■ Collected material:
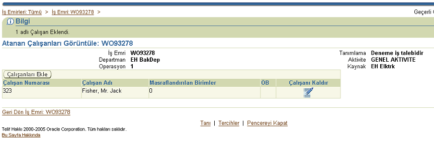 Atanan çalışanları görüntüle tıklanır. Açılan ekranda Çalışanları Ekle tıklanır.
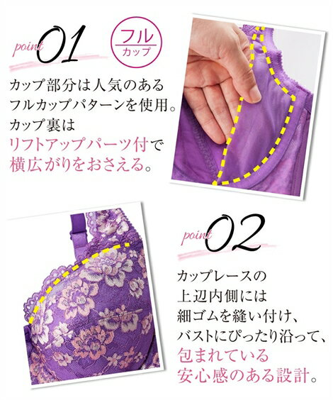 他のサイズは以下をご覧ください C70_M〜D80_L はこちら C85_L-LL〜D95_3L-4L はこちら G70_M〜H80_L はこちら E85_LL-3L〜F95_3L-4L はこちら G85_LL-3L/G90_3L-4L/G95_3L-4L はこちら脇高・総レースフルカップブラジャー・ショーツセット(3色レースは日本製)(トリンプ) ニッセン nissen ブルーベリー カラー ブルーベリー サイズ E70/M/E75/L/E80/L/F70/M/F75/L/F80/L 素材 品質=【ブラジャー】ナイロン・ポリエステル・その他【ショーツ】身生地:ポリエステル90%・ポリウレタン10%(ツーウェイトリコット) フルカップ ワイヤー入り サイドボーン入り 後ろホックは、CDカップのアンダー70〜80のみ2段3列、以外は3段3列 パッド・パッドポケットなし レースが多少異なる場合があります メーカー品番 ZZY4321E1412 コメント トリンプとニッセンの共同企画!日本製の3色レースが美しい華やかな脇高フルカップブラ&ショーツセット。
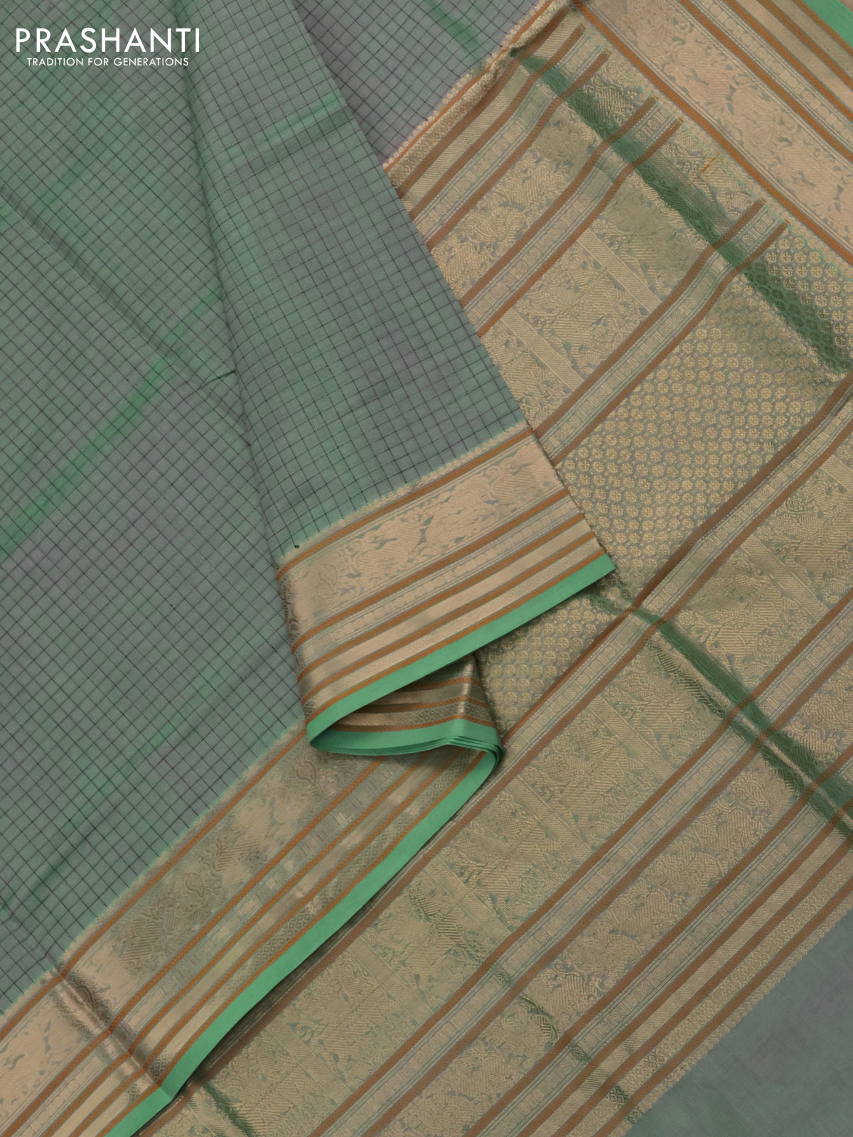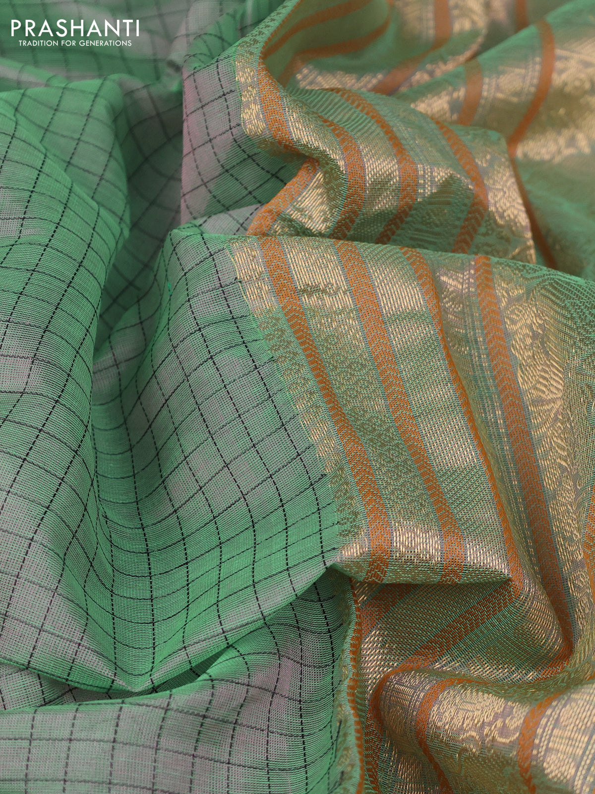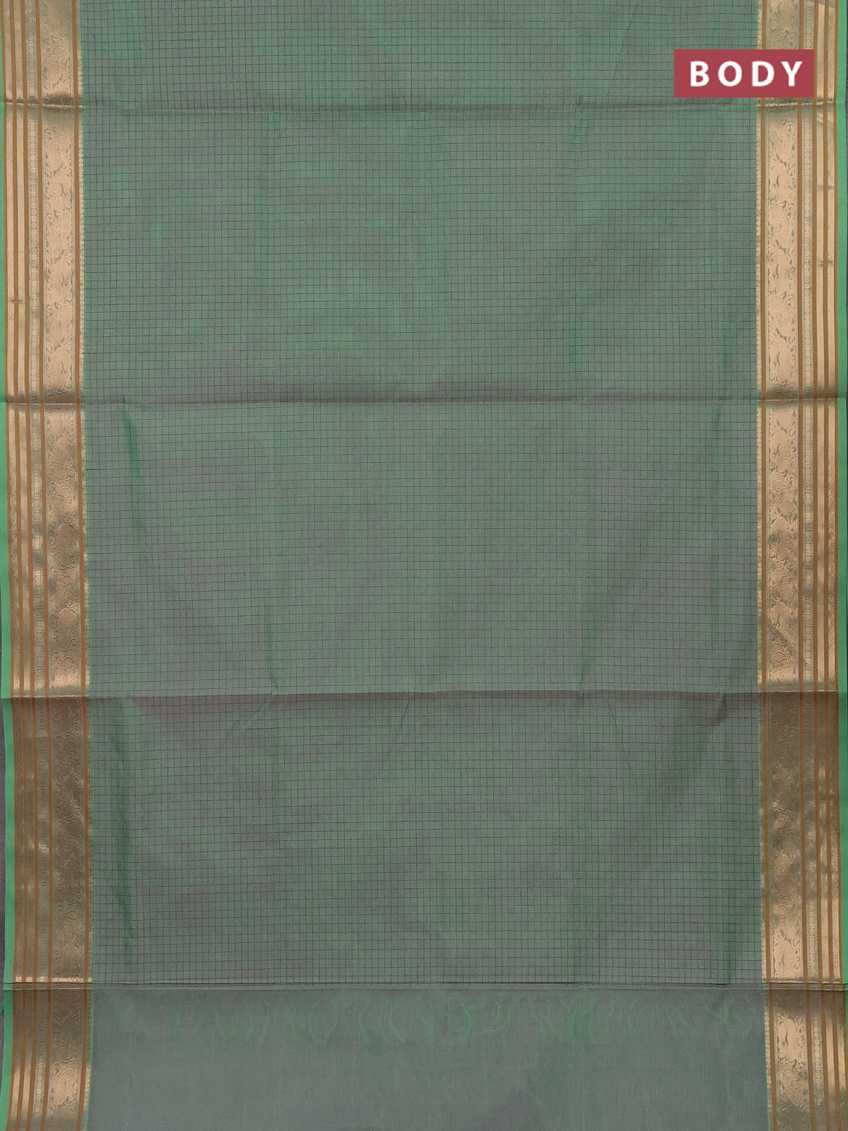 Kanchipuram silk cotton saree dual shade of green with allover thread woven checked pattern and zari woven border

■ Brief:
Line by line, write out the material exactly, leaving the images out.

■ Solution below:
 Atanan çalışanları görüntüle tıklanır. Açılan ekranda Çalışanları Ekle tıklanır.
 他のサイズは以下をご覧ください C70_M〜D80_L はこちら C85_L-LL〜D95_3L-4L はこちら G70_M〜H80_L はこちら E85_LL-3L〜F95_3L-4L はこちら G85_LL-3L/G90_3L-4L/G95_3L-4L はこちら脇高・総レースフルカップブラジャー・ショーツセット(3色レースは日本製)(トリンプ) ニッセン nissen ブルーベリー カラー ブルーベリー サイズ E70/M/E75/L/E80/L/F70/M/F75/L/F80/L 素材 品質=【ブラジャー】ナイロン・ポリエステル・その他【ショーツ】身生地:ポリエステル90%・ポリウレタン10%(ツーウェイトリコット) フルカップ ワイヤー入り サイドボーン入り 後ろホックは、CDカップのアンダー70〜80のみ2段3列、以外は3段3列 パッド・パッドポケットなし レースが多少異なる場合があります メーカー品番 ZZY4321E1412 コメント トリンプとニッセンの共同企画!日本製の3色レースが美しい華やかな脇高フルカップブラ&ショーツセット。
 Kanchipuram silk cotton saree dual shade of green with allover thread woven checked pattern and zari woven border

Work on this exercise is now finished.